Would you output the listing exactly, with every image omitted?
═══ Dataset extract
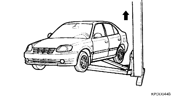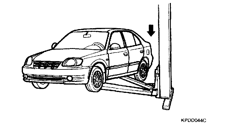 1. Support the specified point of the vehicle with a lift.
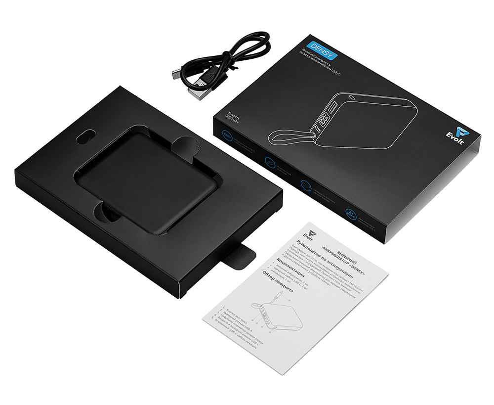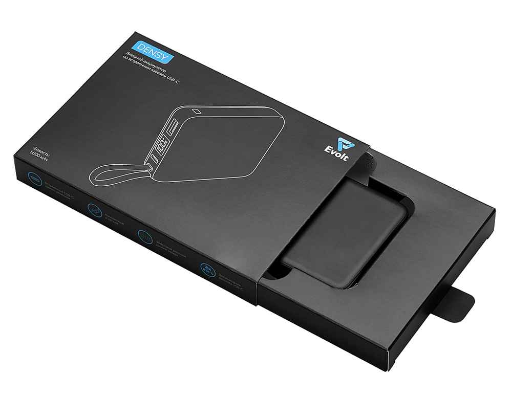 Подробнее о Evolt Внешний аккумулятор со встроенным кабелем USB-C Дэнси, 5000 мАч, 590160.07
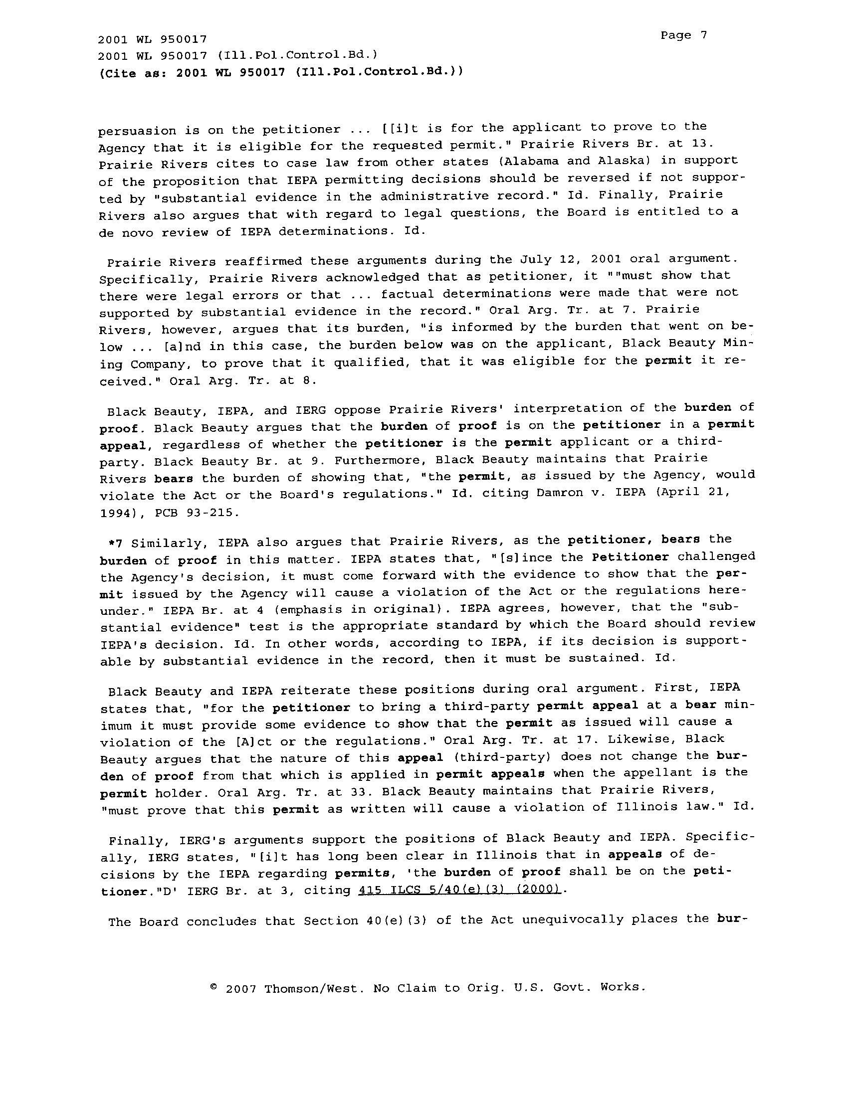 bears the burden to rn ove that the permit as issued violates the Act or Board regulations
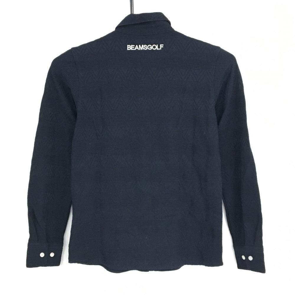 【超美品】ビームスゴルフ 長袖シャツ ネイビー 総柄織生地 レディース S ゴルフウェア BEAMS GOLF
══════
**Exercise result:**
 1. Support the specified point of the vehicle with a lift.
 Подробнее о Evolt Внешний аккумулятор со встроенным кабелем USB-C Дэнси, 5000 мАч, 590160.07
 bears the burden to rn ove that the permit as issued violates the Act or Board regulations
 【超美品】ビームスゴルフ 長袖シャツ ネイビー 総柄織生地 レディース S ゴルフウェア BEAMS GOLF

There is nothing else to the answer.